The CIO of Washington State’s Department Of Health is bringing IT to the COVID-19 battle.
Since the COVID-19 pandemic reached the U.S., Jennifer McNamara has been on the front line of efforts to contain it. The CIO of Washington State’s health department is also the commander of one of the state’s incident-management teams, spending every other week away from her usual office and instead overseeing a group at the public health laboratories in Shoreline that’s working on things like procuring sampling and testing kits.
Some other members of the department’s tech team, including Callie Goldsby, the deputy CIO, have also been mobilized to help with the state’s broader response effort. “It’s all hands on deck in these types of situations,” says McNamara. “Staff are packing up and living out of hotels to do whatever this incident might require of us.”
It still requires a great deal. Although the state is no longer the worst-impacted by the COVID-19 outbreak in the U.S., it had 9,608 confirmed cases and had registered 446 deaths according to data posted by the health department for April 8, 2020. McNamara, Goldsby and the rest of the agency’s 166-person tech team have been moving fast to address issues that could hamper response efforts. Their experience shows just how valuable tech leaders’ unique mix of IT smarts, project-management expertise and ability to leverage supplier partnerships can be in a fast-moving crisis.
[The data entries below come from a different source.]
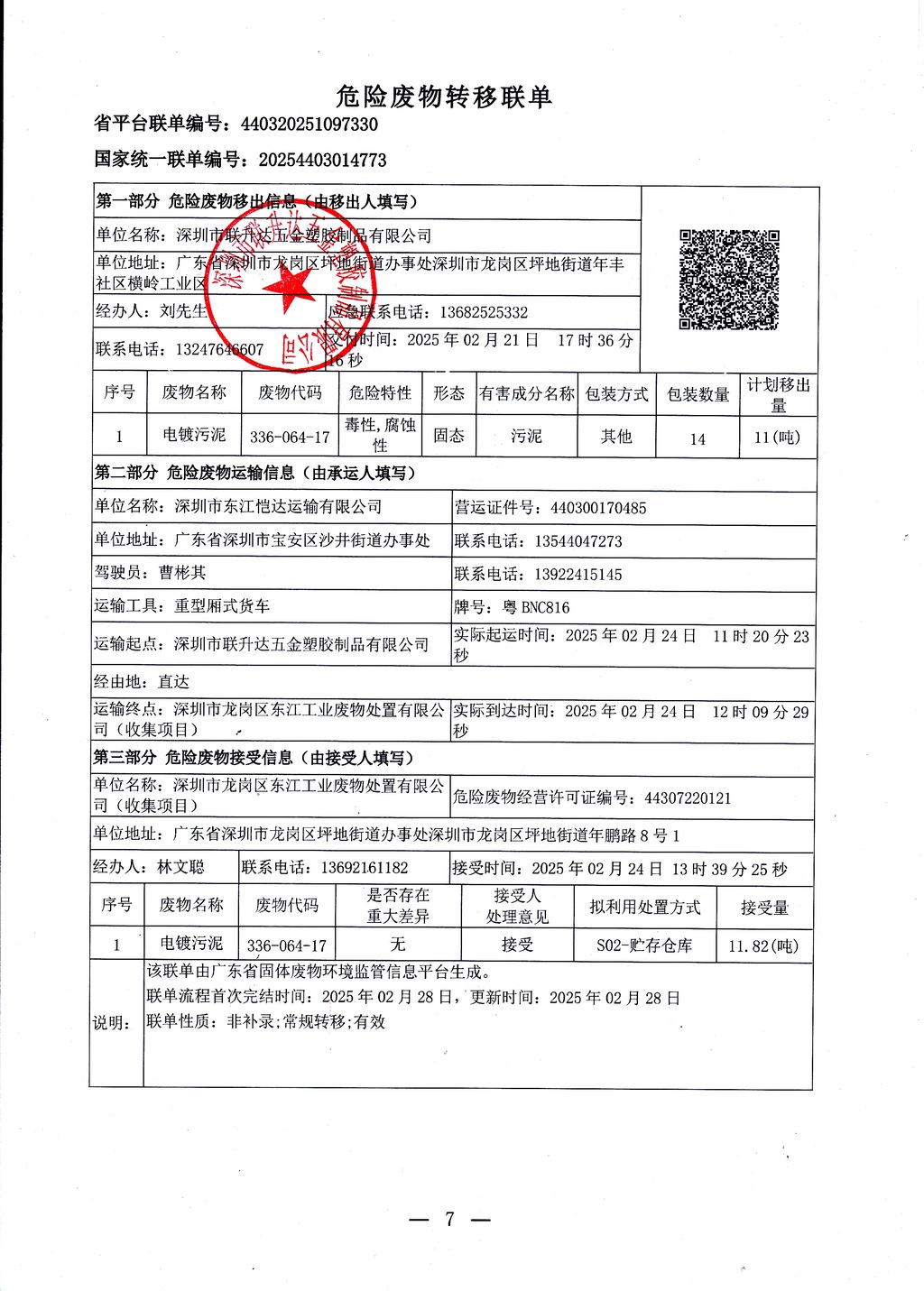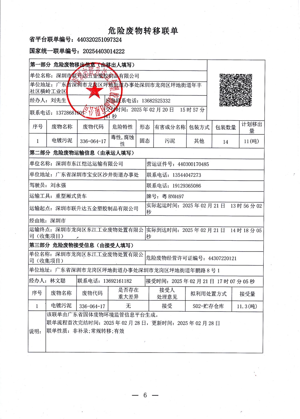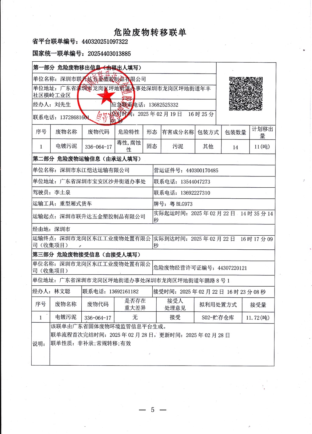 危险废物转移联单
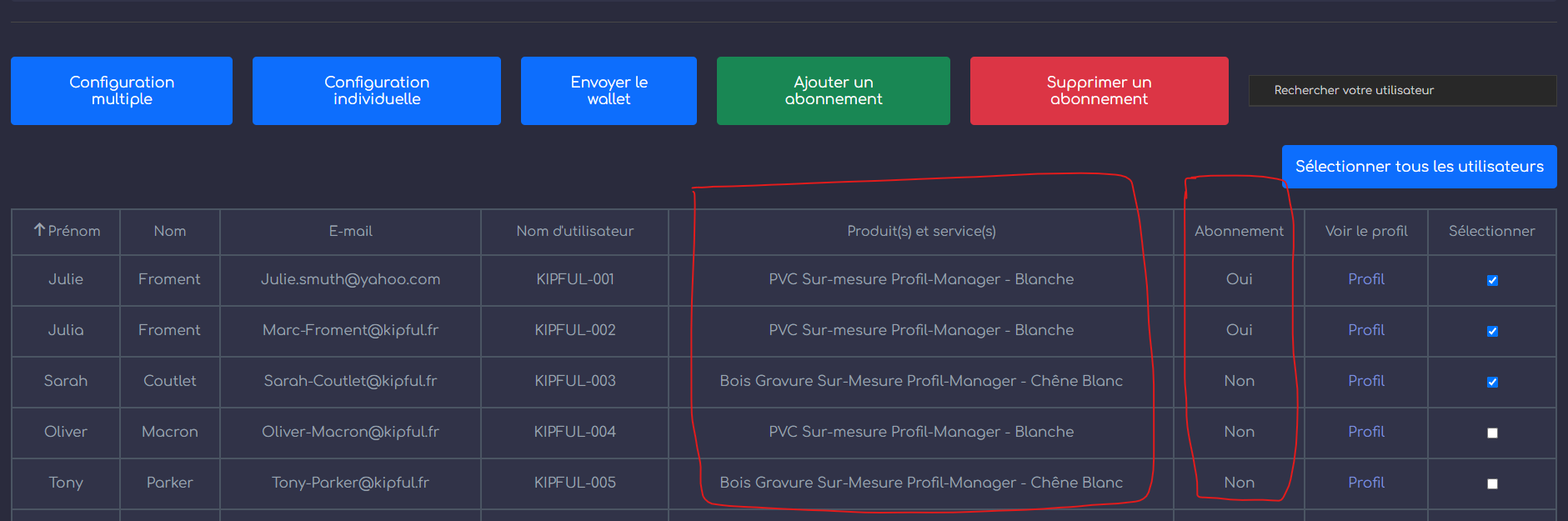 Comment attribuer des Abonnements aux Utilisateurs dans le Profil Manager de Kipful ?
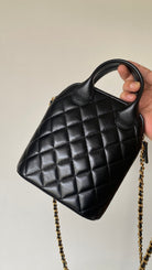 CC Clutch with chain 18 black brown suede calfskin

Taking the pain out of processes
The challenges have included an issue that might at first appear mundane, but which could have become a significant drain on resources if left unresolved. In her first stint as incident commander of the team at Shoreline in January, McNamara quickly realized people were spending far too much time putting together rosters of personnel, as well as managing payments, securing accommodation and other administrative tasks associated with their deployments. “All those things were happening manually, and it was labor-intensive and error-prone,” she recalls.
McNamara called Goldsby and asked her to come to the lab, along with several other members of the health department’s tech team. The group decided the best way to solve the issue was to develop a solution fast, based on a workflow-automation platform from ServiceNow, whose software they were already using. Goldsby says the company sent a couple of employees to help with analyzing the workflow and the application was built by the department’s own team of developers in just four weeks, going live in early March. ServiceNow has since made some other changes to it and has made it available for free to government agencies, along with several other emergency-response apps.
Another challenge facing McNamara’s team was establishing communications at temporary locations. The state quickly opened a number of emergency quarantine sites to cope with a growing wave of coronavirus cases and these needed wireless connectivity fast so that people could keep in touch with families and friends. To get it, the department turned to its existing supplier, Verizon, whose crisis center agreed to loan it multiple internet routers at no cost.
It’s leveraging a third existing relationship, this time with Microsoft, to scale out a temporary cloud environment through Azure to support data gathering associated with drive-through testing clinics, case investigations and contact-tracing, as well as data analysis of the coronavirus outbreak. The tech company is also helping the agency create more efficient digital workflows linked to acquiring and processing biological samples from patients at the state’s health labs.
Getting a green light to roll out new applications involving personal health data typically requires a lengthy review process with the office of the state’s top CIO. But McNamara was able to expedite approvals and to get her own department’s chief information security officer to do rapid risk assessments. “You have to move quickly in an outbreak response, but you cannot sacrifice private medical information,” she says.
Big data and a bigger cloud
While Microsoft has done its share of the work on a pro bono basis, the crisis has underlined the need for more investment in cloud capabilities at the health agency. It was already using some cloud services, such as ServiceNow’s, and was in the process of developing an initial cloud environment for its own needs, but it had been struggling to get sufficient support in the state legislature for a larger cloud budget.
The pandemic may well change politicians’ minds. McNamara is firmly convinced the cloud is an ideal environment to bring together very large data sets that include everything from opioid prescriptions to trauma records to help tackle health issues. And it can be especially helpful in tracking and evaluating rapidly evolving disease trends such as the spread of COVID-19. “It’s been difficult to get funding for an initiative like that, and yet it’s so necessary to respond to a crisis like this.”
The rush to tackle the pandemic has put the state health department’s tech team under immense pressure. Given this experience, what advice would McNamara give to other leaders guiding their staff through these uncertain times?
“One thing I tell my teams is: ‘slow is smooth and smooth is fast’,” she says. “Speed is important, but if people are moving too rapidly, they can miss the big picture and end up solving the wrong problems.” She also recommends clearly communicating priorities across multiple levels in an organization, and sharing credit for successes and celebrating team members’ accomplishments. “That is so important for motivation,” says McNamara, “because we are going to be in this for months.”